<<<<

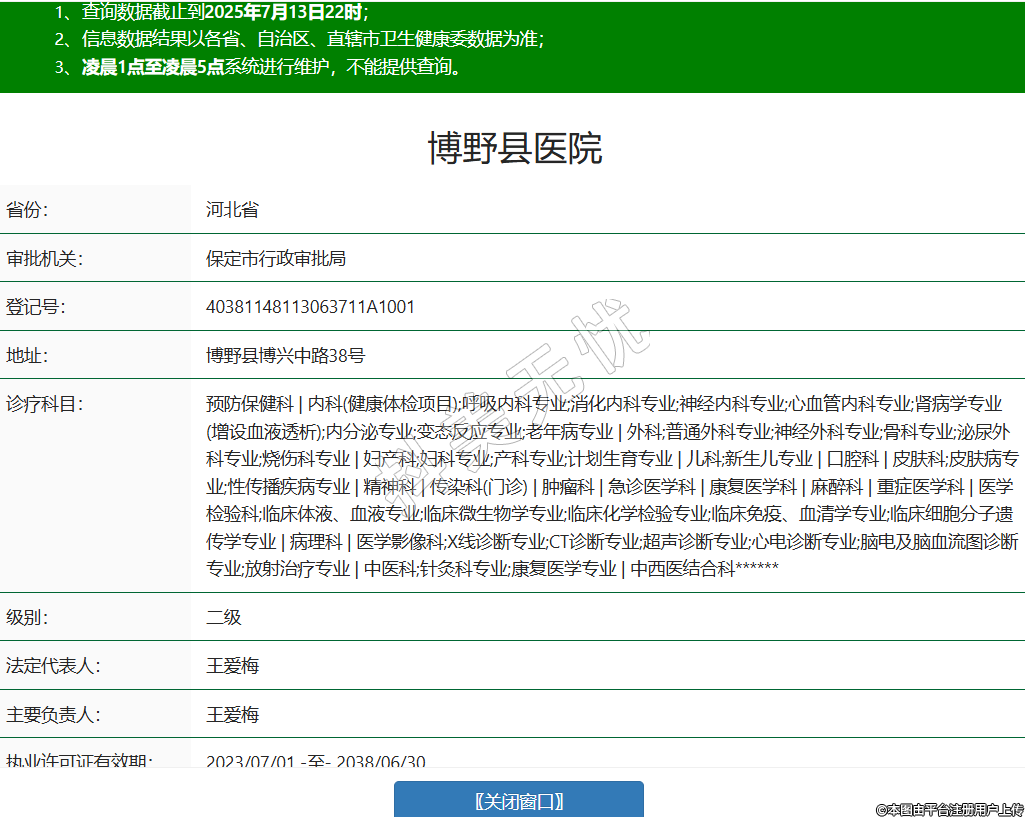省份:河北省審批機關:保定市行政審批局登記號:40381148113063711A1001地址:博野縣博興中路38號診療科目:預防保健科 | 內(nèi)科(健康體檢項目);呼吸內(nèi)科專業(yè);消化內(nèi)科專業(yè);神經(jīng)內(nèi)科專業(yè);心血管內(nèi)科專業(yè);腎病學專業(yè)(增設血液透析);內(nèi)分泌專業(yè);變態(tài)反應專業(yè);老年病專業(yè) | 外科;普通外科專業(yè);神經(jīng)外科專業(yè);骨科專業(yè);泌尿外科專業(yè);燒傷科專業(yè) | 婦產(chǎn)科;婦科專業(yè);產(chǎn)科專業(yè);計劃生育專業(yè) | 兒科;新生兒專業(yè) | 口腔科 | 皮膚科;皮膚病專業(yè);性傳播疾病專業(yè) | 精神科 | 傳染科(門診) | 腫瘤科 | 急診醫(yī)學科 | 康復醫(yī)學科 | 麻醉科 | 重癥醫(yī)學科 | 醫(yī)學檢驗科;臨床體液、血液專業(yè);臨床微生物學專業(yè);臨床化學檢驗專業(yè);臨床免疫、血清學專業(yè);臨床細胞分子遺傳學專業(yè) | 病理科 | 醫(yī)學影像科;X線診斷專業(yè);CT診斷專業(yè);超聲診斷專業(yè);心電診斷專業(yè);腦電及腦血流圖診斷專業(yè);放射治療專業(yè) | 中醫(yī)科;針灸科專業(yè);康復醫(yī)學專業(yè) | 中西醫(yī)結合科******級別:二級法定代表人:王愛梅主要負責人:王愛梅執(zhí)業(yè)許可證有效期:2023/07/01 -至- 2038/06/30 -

>>>>
<<<<

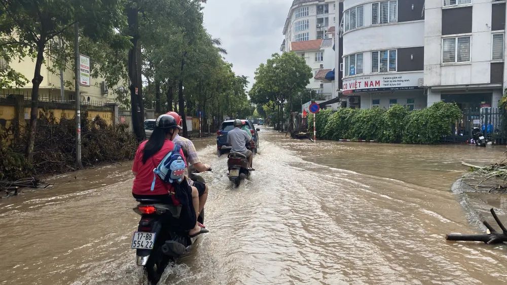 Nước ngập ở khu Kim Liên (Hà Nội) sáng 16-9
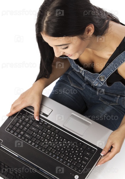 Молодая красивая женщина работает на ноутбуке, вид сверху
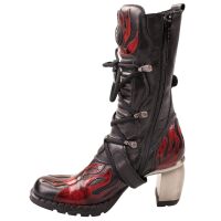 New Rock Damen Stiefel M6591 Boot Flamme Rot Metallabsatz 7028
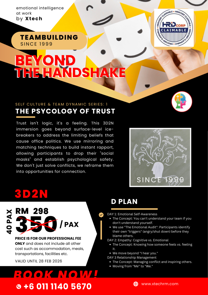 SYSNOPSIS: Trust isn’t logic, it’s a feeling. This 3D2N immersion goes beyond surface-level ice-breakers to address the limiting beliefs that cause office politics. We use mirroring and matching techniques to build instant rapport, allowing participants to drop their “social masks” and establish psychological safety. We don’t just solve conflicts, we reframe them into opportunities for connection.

>>>>

▸ What you have to do: Pictures in the material above should be skipped; print exactly the lines from the one with "New Rock Damen" through the one with "SYSNOPSIS: Trust isn’t".

▸ Exercise output:
 New Rock Damen Stiefel M6591 Boot Flamme Rot Metallabsatz 7028
 SYSNOPSIS: Trust isn’t logic, it’s a feeling. This 3D2N immersion goes beyond surface-level ice-breakers to address the limiting beliefs that cause office politics. We use mirroring and matching techniques to build instant rapport, allowing participants to drop their “social masks” and establish psychological safety. We don’t just solve conflicts, we reframe them into opportunities for connection.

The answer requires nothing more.